Part of my beef with the fundamentalist movement is its denaturing of the gospel. By claiming the Bible is “literally true,” they are able to treat it as part history text, part rule book and ignore any ethical implications it might have for the way we live our lives today. In the article, one banker describes the job as the opportunity to minister to people in financial trouble and help them with their problems. That’s certainly a good thing to do. But shouldn’t a religious person ask whether a bigger house or a new car is really what the family should do with its extra resources? Instead of praying for help getting a mortgage, shouldn’t a Christian suggest perhaps doing something with the money to feed the hungry, clothe the naked, or heal the sick as Jesus clearly taught? But of course, the bank wouldn’t make any profit if it did that, now would it?

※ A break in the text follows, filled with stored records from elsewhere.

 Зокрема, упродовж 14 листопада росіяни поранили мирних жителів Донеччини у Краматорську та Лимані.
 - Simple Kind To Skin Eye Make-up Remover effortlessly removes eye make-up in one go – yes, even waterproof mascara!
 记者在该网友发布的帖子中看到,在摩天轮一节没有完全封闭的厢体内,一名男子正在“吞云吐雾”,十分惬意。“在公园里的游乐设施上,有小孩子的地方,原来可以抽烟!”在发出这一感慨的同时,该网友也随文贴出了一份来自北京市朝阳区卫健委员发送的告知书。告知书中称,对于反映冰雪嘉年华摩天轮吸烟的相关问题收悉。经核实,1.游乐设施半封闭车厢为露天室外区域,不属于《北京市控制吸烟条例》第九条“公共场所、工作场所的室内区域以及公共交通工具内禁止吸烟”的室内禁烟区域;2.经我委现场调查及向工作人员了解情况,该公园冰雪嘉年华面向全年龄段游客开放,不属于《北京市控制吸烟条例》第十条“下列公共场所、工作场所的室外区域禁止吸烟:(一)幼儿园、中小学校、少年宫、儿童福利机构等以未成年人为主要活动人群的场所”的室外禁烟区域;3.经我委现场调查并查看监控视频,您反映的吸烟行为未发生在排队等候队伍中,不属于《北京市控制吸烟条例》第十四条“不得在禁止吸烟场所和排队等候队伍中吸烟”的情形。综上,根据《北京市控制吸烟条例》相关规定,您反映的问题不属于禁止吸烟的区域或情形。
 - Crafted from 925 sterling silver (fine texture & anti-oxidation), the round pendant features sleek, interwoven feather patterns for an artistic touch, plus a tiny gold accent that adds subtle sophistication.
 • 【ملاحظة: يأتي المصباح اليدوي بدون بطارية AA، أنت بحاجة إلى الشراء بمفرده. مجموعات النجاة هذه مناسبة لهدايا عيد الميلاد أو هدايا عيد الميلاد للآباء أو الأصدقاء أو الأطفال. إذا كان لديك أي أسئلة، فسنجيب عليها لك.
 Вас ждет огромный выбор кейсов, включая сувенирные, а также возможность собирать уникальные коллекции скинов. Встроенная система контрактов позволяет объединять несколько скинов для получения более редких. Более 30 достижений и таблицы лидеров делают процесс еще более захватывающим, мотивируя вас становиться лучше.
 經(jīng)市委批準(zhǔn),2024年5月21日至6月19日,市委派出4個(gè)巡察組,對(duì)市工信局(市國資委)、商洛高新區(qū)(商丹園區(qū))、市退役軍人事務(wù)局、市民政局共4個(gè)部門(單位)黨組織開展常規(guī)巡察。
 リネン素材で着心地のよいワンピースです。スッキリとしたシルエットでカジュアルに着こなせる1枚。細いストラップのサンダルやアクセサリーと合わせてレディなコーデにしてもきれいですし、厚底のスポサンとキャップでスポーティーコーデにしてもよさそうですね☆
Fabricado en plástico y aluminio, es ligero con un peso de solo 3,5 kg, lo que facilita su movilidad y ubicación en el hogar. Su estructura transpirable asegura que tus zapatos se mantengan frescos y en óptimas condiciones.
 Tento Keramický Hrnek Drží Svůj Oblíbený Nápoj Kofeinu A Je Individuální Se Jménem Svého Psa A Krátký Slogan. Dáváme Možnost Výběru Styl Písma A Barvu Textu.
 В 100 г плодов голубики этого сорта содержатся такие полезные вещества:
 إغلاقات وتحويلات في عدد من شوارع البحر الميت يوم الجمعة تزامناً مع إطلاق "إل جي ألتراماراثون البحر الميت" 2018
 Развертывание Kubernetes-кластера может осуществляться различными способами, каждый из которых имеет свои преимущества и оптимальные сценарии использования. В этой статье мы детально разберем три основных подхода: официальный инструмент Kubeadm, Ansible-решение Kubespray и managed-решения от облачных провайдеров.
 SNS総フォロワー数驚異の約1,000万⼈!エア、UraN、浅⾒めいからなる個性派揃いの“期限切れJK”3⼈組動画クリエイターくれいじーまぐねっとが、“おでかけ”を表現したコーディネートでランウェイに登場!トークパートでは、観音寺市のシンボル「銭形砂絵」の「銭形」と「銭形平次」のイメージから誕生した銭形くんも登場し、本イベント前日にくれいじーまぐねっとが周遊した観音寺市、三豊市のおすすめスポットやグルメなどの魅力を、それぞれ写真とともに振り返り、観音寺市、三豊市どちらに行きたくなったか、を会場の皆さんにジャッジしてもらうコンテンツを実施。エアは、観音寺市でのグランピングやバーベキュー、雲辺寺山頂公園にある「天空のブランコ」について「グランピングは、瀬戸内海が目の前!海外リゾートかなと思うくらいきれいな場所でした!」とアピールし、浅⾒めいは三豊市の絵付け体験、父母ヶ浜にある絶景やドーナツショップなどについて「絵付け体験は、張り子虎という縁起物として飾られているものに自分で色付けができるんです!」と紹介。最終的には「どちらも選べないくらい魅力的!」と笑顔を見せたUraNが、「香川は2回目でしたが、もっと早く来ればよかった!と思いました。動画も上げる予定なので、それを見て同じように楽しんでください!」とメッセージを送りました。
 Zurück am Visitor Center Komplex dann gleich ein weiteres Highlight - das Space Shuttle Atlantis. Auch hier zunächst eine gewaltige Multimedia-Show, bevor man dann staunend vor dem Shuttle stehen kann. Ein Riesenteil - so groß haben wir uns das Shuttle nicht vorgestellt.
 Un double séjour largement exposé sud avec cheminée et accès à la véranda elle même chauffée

These loudly religious people seem to simply assume that they live in a Christian society and that the Bible just gives them rules to follow to live in it well. At most, they will argue that society used to be Christian but has fallen a bit because of widespread sexual immorality, abortion, and secularism. But what past society do they long for? J.P. Morgan era plutocracy? Jim Crow? Widespread and widely accepted violence against women? Child labor? To me it looks like many of these so-called Christians are using religiosity to justify their self-interested lifestyles to themselves and others, and to avoid examining their increasingly segregated society in which power and opportunity are closely held by a privileged few, a society in which many good (and Christian) people are trapped in dying communities with inferior access to jobs, education, medical care, even food, a society which continues to ruthlessly, mindlessly, suicidally destroy the very national resources upon which it depends?

Religion should call people out of their everyday lives and force them to evaluate the ethics of how they live their lives, and the ultimate question of what their lives mean, and should mean. We live in a society that increasingly tells us that if we all look after our own self-interest, it will all average out to the greatest good for the greatest number. Every religion I ever heard of says that ain’t the case. The fundamentalist movement wants to dodge the question entirely, get saved, and get raptured out of here before the shit hits the fan. But we don’t need to be rescued. We need to stay and fight.

2 comments:

Elwood Grobnik said...

Steve, it's just self-interest masked with religiosity. "They will know we are Christian by our love," and you will know they are hypocrites by their greed.

the reeser said...

Elwood, I am part of what you would consider this fundamentalist movement, so I think I can say this will fairly good confidence. You are absolutely right that many people abuse both the intent of "religion" and the blessings of God. One thing, however, that is a bit off the mark is your assesment of the purpose of the rules, as you call them. It is not following a set of rules or being a good person that gets a person into heaven. If that were the case, it would be useless, because we would all fail. The Bible exists both as a record (historical) of the way that God has related to His children, and as a reference on how a person should live in order to grow closer to their maker. The whole Bible is a commentary on God trying to draw people into fellowship with Him.
Aside from that, though, you are absolutely right about many people strapping on the air of religiosity for self-gain. It's a shame and an inevitibility that we live in this fallen world.